Sunday, September 9, 2012

9-9-2012


I’ve always taken the availability of electricity for granted.  I’ve never lived in a place where we lost power for any length of time, so I guess I’ve lived a charmed life.  I’ve also never been bitten by a snake, but I don’t think those two are connected.  Before we moved up here, I read about villages whose power was disrupted constantly.  Until this fall, we continued to be lucky.

We had a few outages prior to this fall, but nothing too bad.  Maybe a few hours at a time, but then it was back on, just in time for us to watch yet another reality show about Alaska.  But this year has been brutal.  

This is an uluaq, or ulu in English. It is a Yup'ik
knife used for cutting up meat and such.

Our village, like most villages in rural Alaska, gets power from diesel generators located in the village.  There is usually more than one generator, just in case one fails.  This fall, we would have 3-4 power outages a day, usually only lasting between 15 mins to an hour.  Which is not a big deal unless you have a classroom where technology is used.  I happen to have one of those classrooms.  So it has been a constant struggle to reboot computers while students are acting like it is the apocalypse.  Even though it would be the tenth time it had happened that week.  Drama kings and queens.  It does get pretty dark in the classroom during this, so there’s not a lot we can get done during this time, except for me to talk about the apocalypse.  (They frighten easily.)

But, it looks like the problem has been solved.  On our way to work yesterday, we talked with a man who was waiting to go to the airstrip.  He said he was here to work on the generators and thinks he had the problem fixed. He said words like “air in the fuel line” and “breaker’.  I swear he even said “salami pudding”.  I don’t know because I’m not mechanically inclined.
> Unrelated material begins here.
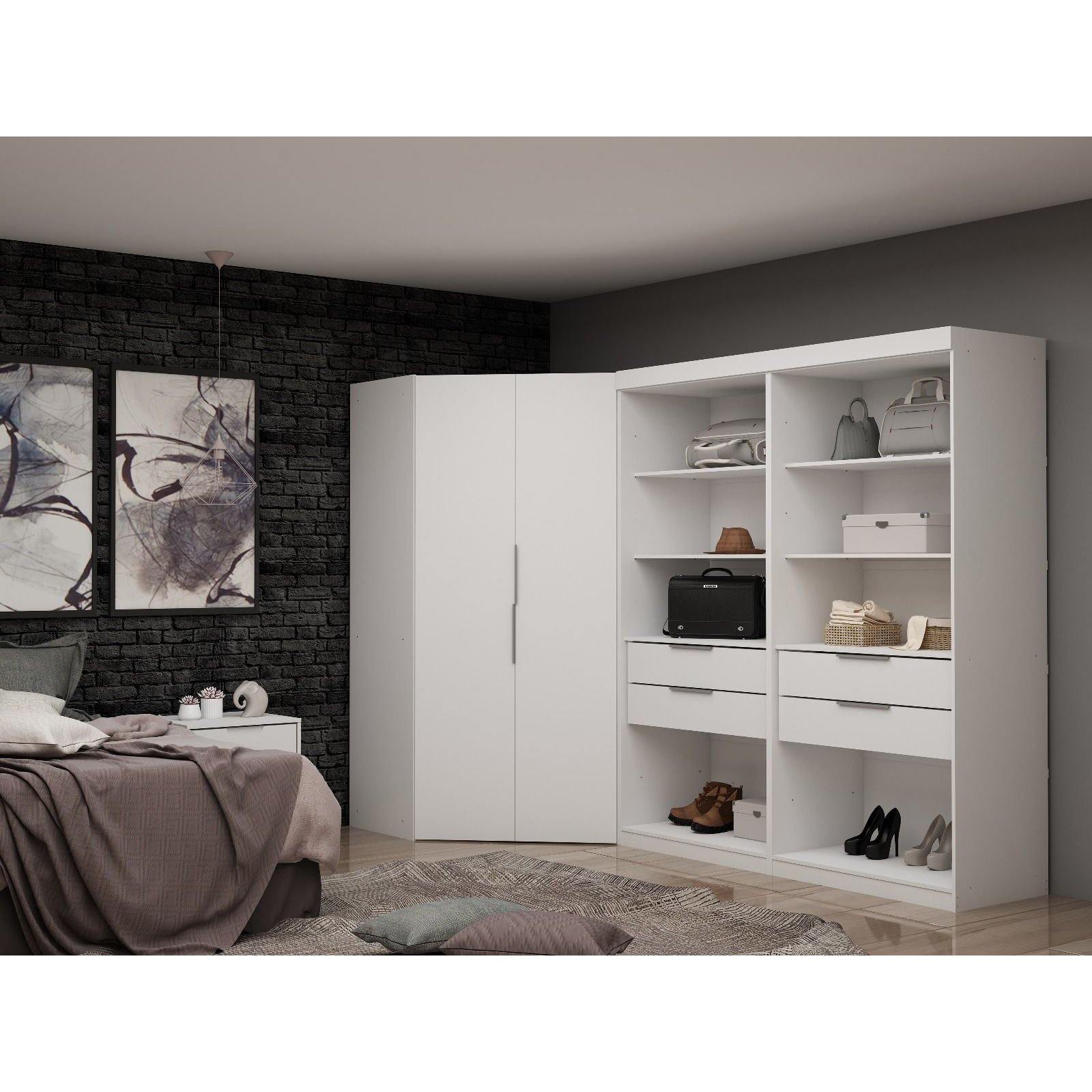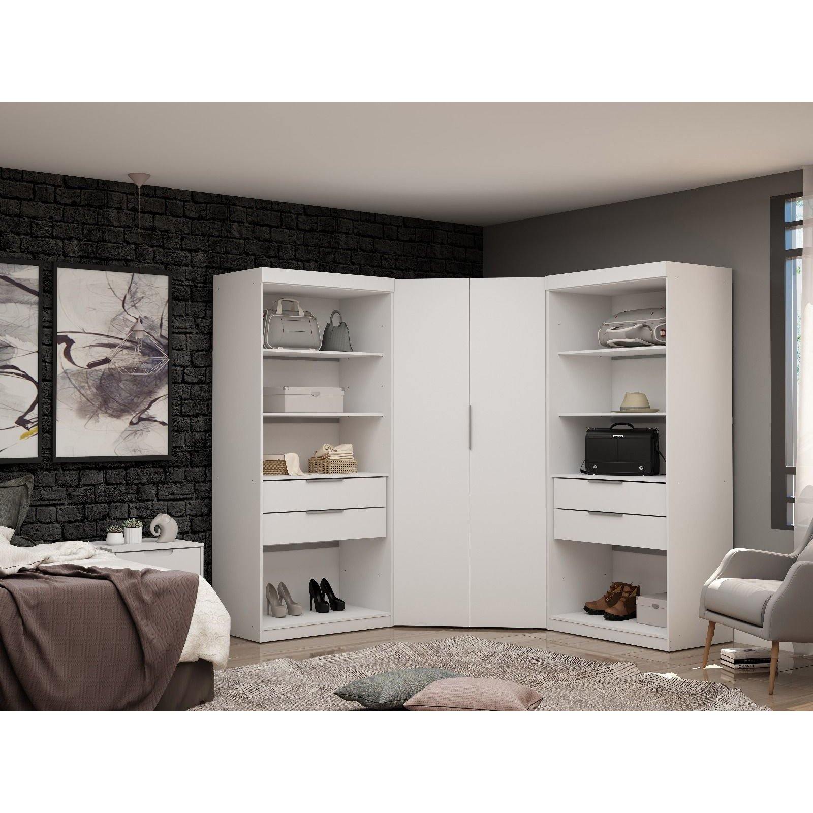 Mulberry 2.0 Semi Open 3 Sectional Modern Wardrobe Corner Closet with 4 Drawers - Set of 3 in White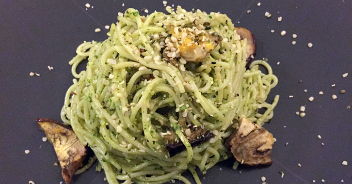 Σπαγγέτι με μελιτζάνες και με pesto kale και φρέσκιας ρίγανης

I was born without the Mr. Goodwrench gene.  I don’t know how to work on a car and never had the desire to. Some people find that odd or even offensive that a man doesn't know how to fix his own car when it breaks down. I ignore them and go back to my specific skill set: eating and updating my moth collection.  (Not at the same time, that would be ridiculous.)  So far, we’ve yet to have a  power outage since seeing the stranger, so I guess it wasn’t an hallucination from breathing moth dust.
Another look at the delta and the mighty Yukon River.
Again, these are Monica's photos. This shows why it
is so difficult to get from one place to another.

We are getting into our groove at school.  The students remembered that they don’t like doing school work and their teacher remembered that he doesn’t like writing lesson plans on Saturdays.  But even with the larger class, we’re making it work.  One 5th grader told me he missed me this summer.  I asked him how he’s going to feel next year when he moves up the the middle school.  He said, “Sad”.  Then his face lit up and he said, “I’ll have a locker!”.  So it seems I will be easily replaced by lockers.  

With the power fixed it looks like football season will be enjoyable.  Last week the power went out during the last few minutes of a close game, so I wasn’t looking forward to a whole season of that.  We now can go back to the charmed life of continuous electricity and snake-bite free living. Until the next big storm and they have to string together paperclips as a makeshift power line.